**Exercise:**
Use the entries below and reproduce exactly the lines from the one containing "3月20日(金)は営業開始時間が12:00からとなっております。" down to the one containing "Рамка из цельного", both of them included.

**Data shown:**
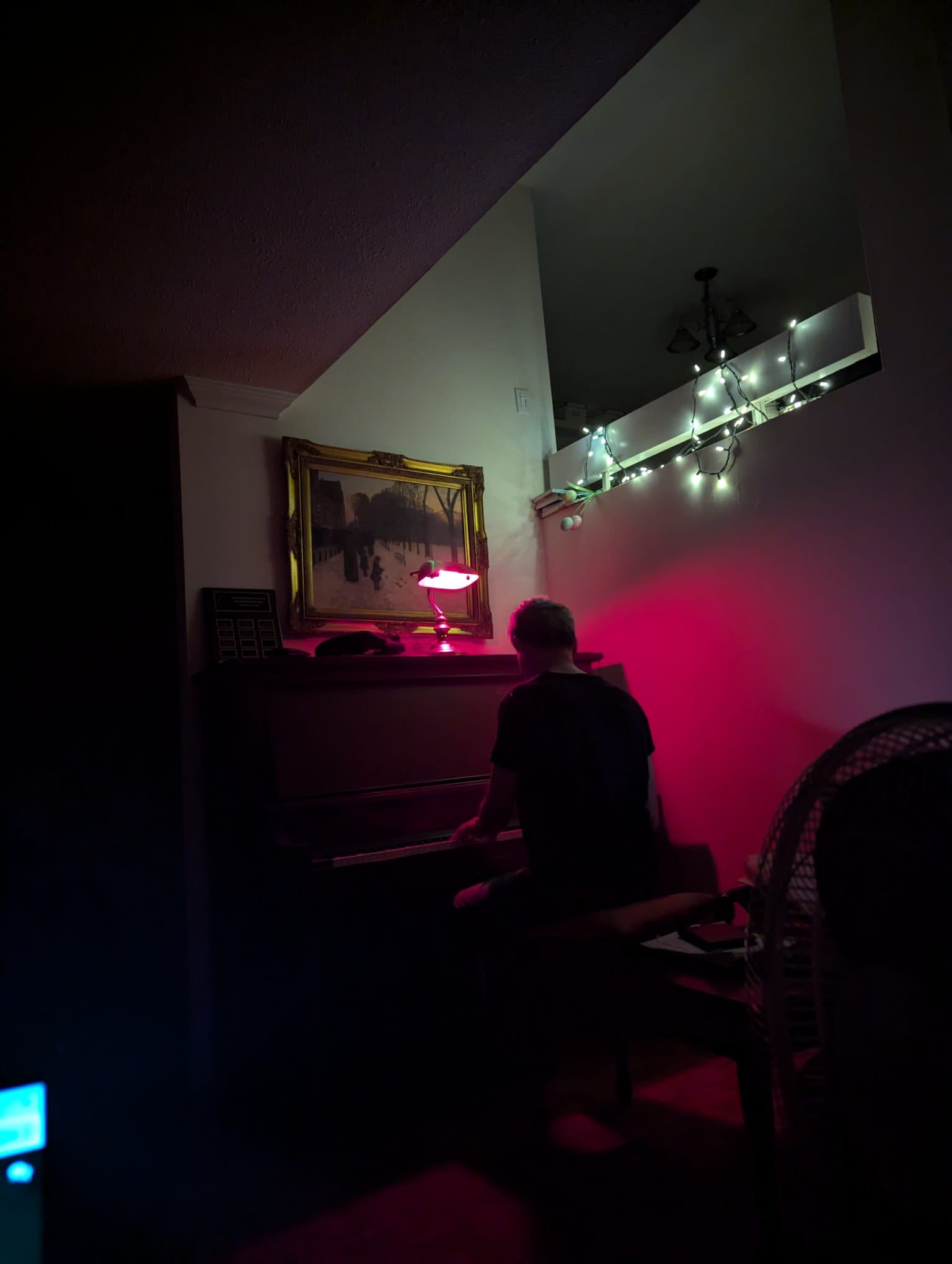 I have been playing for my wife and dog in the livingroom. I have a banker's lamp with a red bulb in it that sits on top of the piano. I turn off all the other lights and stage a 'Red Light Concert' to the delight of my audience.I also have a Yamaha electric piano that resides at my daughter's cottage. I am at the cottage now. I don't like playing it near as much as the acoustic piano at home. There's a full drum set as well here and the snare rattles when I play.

--

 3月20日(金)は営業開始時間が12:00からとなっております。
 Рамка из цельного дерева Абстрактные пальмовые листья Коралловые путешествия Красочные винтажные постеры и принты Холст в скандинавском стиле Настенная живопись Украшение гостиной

...

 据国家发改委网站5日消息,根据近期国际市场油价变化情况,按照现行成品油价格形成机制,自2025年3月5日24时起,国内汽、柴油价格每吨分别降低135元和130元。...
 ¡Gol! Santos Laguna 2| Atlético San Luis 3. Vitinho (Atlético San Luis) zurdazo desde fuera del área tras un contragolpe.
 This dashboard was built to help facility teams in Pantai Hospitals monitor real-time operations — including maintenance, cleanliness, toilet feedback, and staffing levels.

**Exercise response:**
 3月20日(金)は営業開始時間が12:00からとなっております。
 Рамка из цельного дерева Абстрактные пальмовые листья Коралловые путешествия Красочные винтажные постеры и принты Холст в скандинавском стиле Настенная живопись Украшение гостиной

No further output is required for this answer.